I'm at 15 years without a phone now. My current just broke so the streak continues!


----------



## dimmidice (Apr 23, 2017)

Hells Malice said:


> Now I see and know of kids as young as 6 getting their own phones...blows my mind.


I think it makes sense to give kids a phone as soon as they start running around unsupervised outside. And some kids do that as early as 6, depends on the neighbourhood of course. But if their bike breaks, they get lost, or they get hurt then having a phone on them is just safer. Doesn't have to be an expensive phone of course. In fact i'd say don't give them expensive ones til they're like 14+ or so.


----------



## migles (Apr 23, 2017)

tell your dad you was having with a hooker, and you are so responsible that when you did go grab the condom from your pocket the phone fell down...
the hooker then feel so bad she offered a family discount card


----------



## Bimmel (Apr 23, 2017)

The professional way: Do something even worse to make the phone repair look like child's play. *

* of course not serious. Don't make things worse, just go with the truth.


----------



## Dionicio3 (Apr 23, 2017)

migles said:


> tell your dad you was was with a hooker, and you are so responsable that when you did go grab the condom from your pocket the phone fell down...
> the hooker then feel so bad she offered a family discount card


What even?


----------



## migles (Apr 23, 2017)

dimmidice said:


> I think it makes sense to give kids a phone as soon as they start running around unsupervised outside. And some kids do that as early as 6, depends on the neighbourhood of course. But if their bike breaks, they get lost, or they get hurt then having a phone on them is just safer. Doesn't have to be an expensive phone of course. In fact i'd say don't give them expensive ones til they're like 14+ or so.

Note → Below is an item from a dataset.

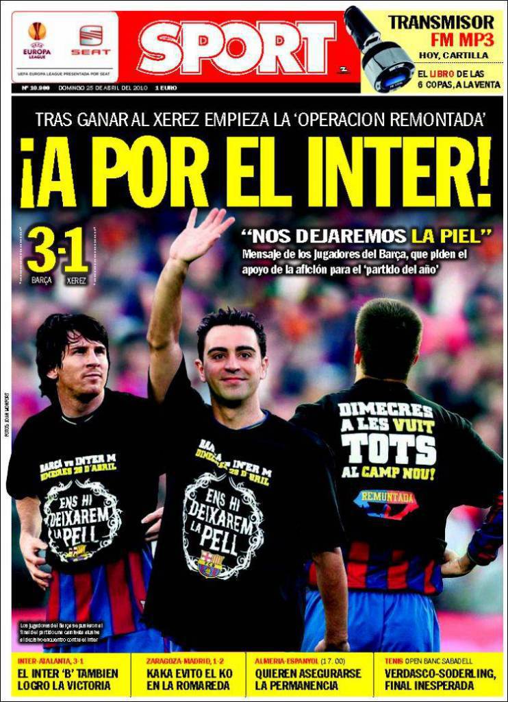 La stampa catalana, Sport, parla già della sfida fra il Barcellona e l’Inter che si terrà mercoledì prossimo al Camp Nou. Una sfida che si preannuncia caldissima e che vedrà la partecipazione in massa del popolo blaugrana. Ieri, infatti, dopo la vittoria dei catalani sullo Xerex, i giocatori del Barca hanno indossato delle maglie per invitare il tifosi al Camp Nou e nel contempo annunciando che “venderanno cara la pelle” in vista della supersfida. Non ci resta quindi che attendere mercoledì sera e sederci comodi sul divano, o magari, per i più fortunati, accomodarsi su un seggiolino dello stadio di Barcellona…

yeah.. it makes sense to give kids a phone to communicate with the parents in case they need..
however, my issue is, kids have phones more expensive than my car... (like the lastest apple, or android flagship) this make me cringe

--------------------- MERGED ---------------------------



Dionicio3 said:


> What even?


sorry? i was kidding lol


----------



## Deleted-355425 (Apr 23, 2017)

The bone thickness in kids skulls inst fully developed at young ages and the phone radio waves damages their brains. My kids wont be having phones.


----------



## The Catboy (Apr 23, 2017)

Just be honest about it and chances are it's under contract. Which means he can either get it replaced/repaired for cheap or for a minor fee.


----------



## Dionicio3 (Apr 23, 2017)

Crystal the Glaceon said:


> Just be honest about it and chances are it's under contract. Which means he can either get it replaced/repaired for cheat or for a minor fee.


A "cheat" fee?


----------



## The Catboy (Apr 23, 2017)

Dionicio3 said:


> A "cheat" fee?


I hate auto-correct >:{


----------



## SG854 (Apr 23, 2017)

mech said:


> The bone thickness in kids skulls inst fully developed at young ages and the phone radio waves damages their brains. My kids wont be having phones.

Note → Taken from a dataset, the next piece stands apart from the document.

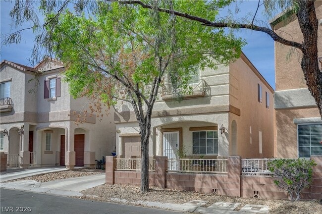 Beautifully maintained two-story home located in the desirable Southwest Las Vegas area.This property features a private, attached one-car garage with direct entry into the home, along with a gated front yard and inviting covered patio perfect for relaxing outdoors.Inside, stylish tile flooring throughout the main living areas and plush carpeting in the upstairs bedrooms.The upstairs bathroom showcases custom wood flooring for an added touch of character. The spacious kitchen offers ample cabinet storage, recessed lighting, a breakfast bar, and enough room to accommodate an island. Additional storage is conveniently located in the dining area.Upstairs includes a built-in desk ideal for a home office or study space.The generously sized primary bedroom features an en-suite bathroom with dual sinks and a sleek glass-enclosed shower.Near shopping, dining, and entertainment, this home is just minutes from Wet’n’Wild, Southern Hills Hospital, and easy access to the 215 freeway.Great Location

Not if they text or use speaker mode then they're in the clear.


----------



## DeslotlCL (Apr 23, 2017)

Yo dis kid got a better phone than mine, friking dads

Just tell him you broke it cuz you want an s8


----------



## Deleted-355425 (Apr 23, 2017)

SG854 said:


> Not if they text or use speaker mode then they're in the clear.




Yup that's correct, even adults should keep the phone inches away from them when talking but no one follows that. It's in all the health and safety docs the manufacturers produce with their phones.


----------



## linuxares (Apr 23, 2017)

What phone is it?
If it's easy to repair yourself it might not be such a big deal.


----------



## Abcdfv (Apr 23, 2017)

mech said:


> The bone thickness in kids skulls inst fully developed at young ages and the phone radio waves damages their brains. My kids wont be having phones.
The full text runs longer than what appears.